Petroleos de Venezuela SA (PDVSA), Royal Dutch/Shell, ExxonMobil Corp., and Mitsubishi Corp. have signed a memorandum of understanding to develop a $2 billion LNG project in northeastern Venezuela.

The project will be known as Project Venezuela Liquefied Natural Gas (PVLNG) and will have a production capacity of about 4 million tonnes/ year.

The venture is a downsized version of the so-called Cristobal Colon project, which involved the same four partners (but just Exxon Corp. prior to its acquisition of Mobil Corp.). That project, which called for an investment of more than $5 billion and an estimated output capacity of as much as 6 million tonnes, was shelved over poor economics.

The new, smaller-scale PVLNG will tap vast gas reserves in fields in the Gulf of Paria, off Venezuela's northeastern coast in the Caribbean Sea. It is expected to go on stream with its first exports in 2005 to markets in the Caribbean and the US East Coast. According to industry sources, PDVSA subsidiary PDVSA Gas may hold a 33% stake in the venture, with remaining interests held by Shell 30%, ExxonMobil 29%, and Mitsubishi 8%.

Background

Venezuela had been considering an LNG export project for most of the past decade, getting a green light from Venezuela's Congress in 1996 after about 4 years of discussion (OGJ, Dec. 9, 1996, p. 28).

In that incarnation, the project was estimated to cost $5.6 billion and have the same interest split as the current version.
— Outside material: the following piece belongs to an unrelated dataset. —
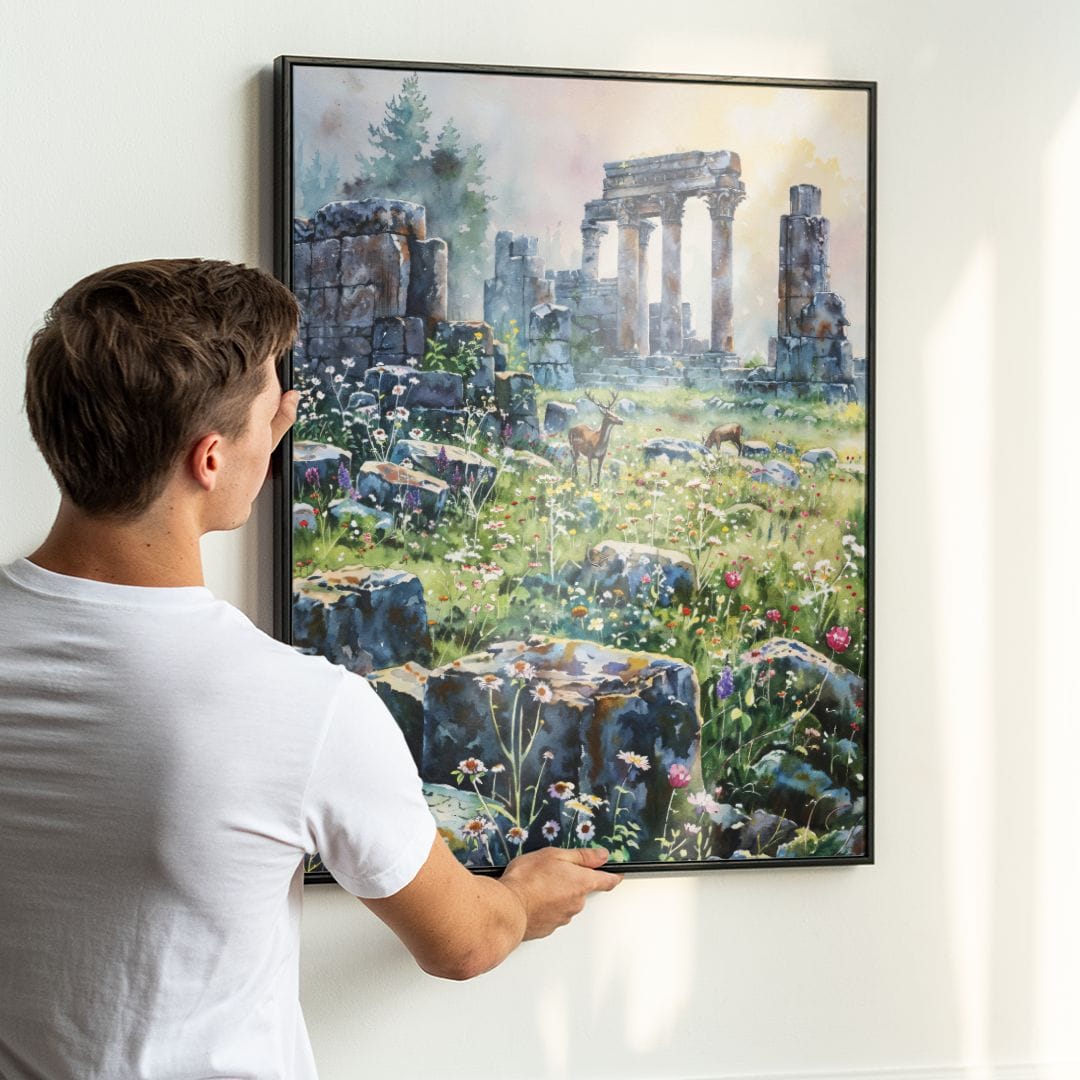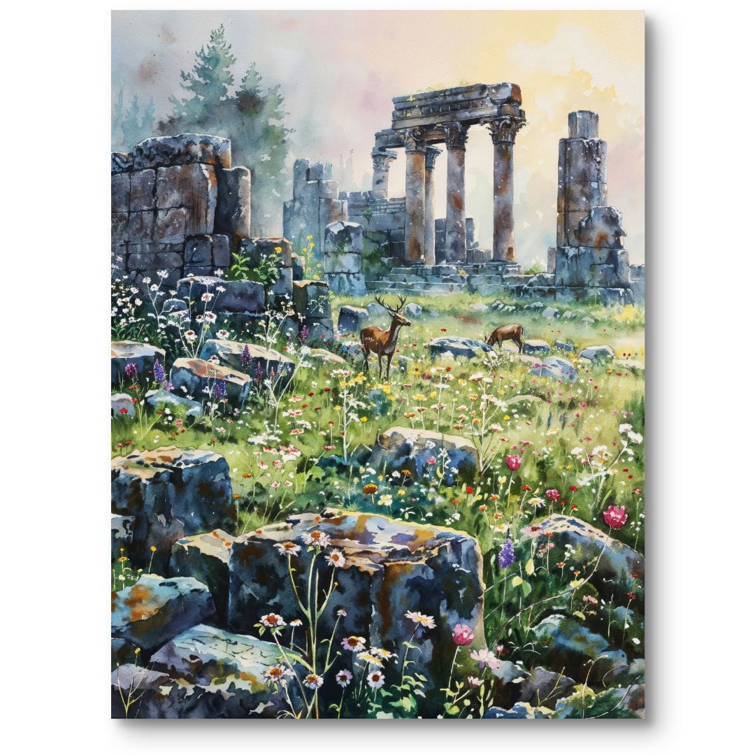 Obraz na płótnie ukazuje malowniczy krajobraz ruin antycznej świątyni, otoczony rozkwitającą łąką, po której przechadzają się dostojne jelenie. Kompozycja przywodzi na myśl harmonię pomiędzy bogactwem natury a tajemnicami historii, jednocześnie podkreślając zjawiskowe piękno zarówno fauny, jak i zabytkowych struktur.

LNG exports were to target the US Northeast and Europe. Gas supplies were to come from four gas fields to be developed in the Caribbean north of the Paria Peninsula, transported to shore by two pipelines, one 45 km and the other 32 km. PDVSA discovered Rio Caribe, Mejillones, Patao, and Dragon fields in 1978-82. The partners later confirmed the presence of 11 tcf of gas reserves.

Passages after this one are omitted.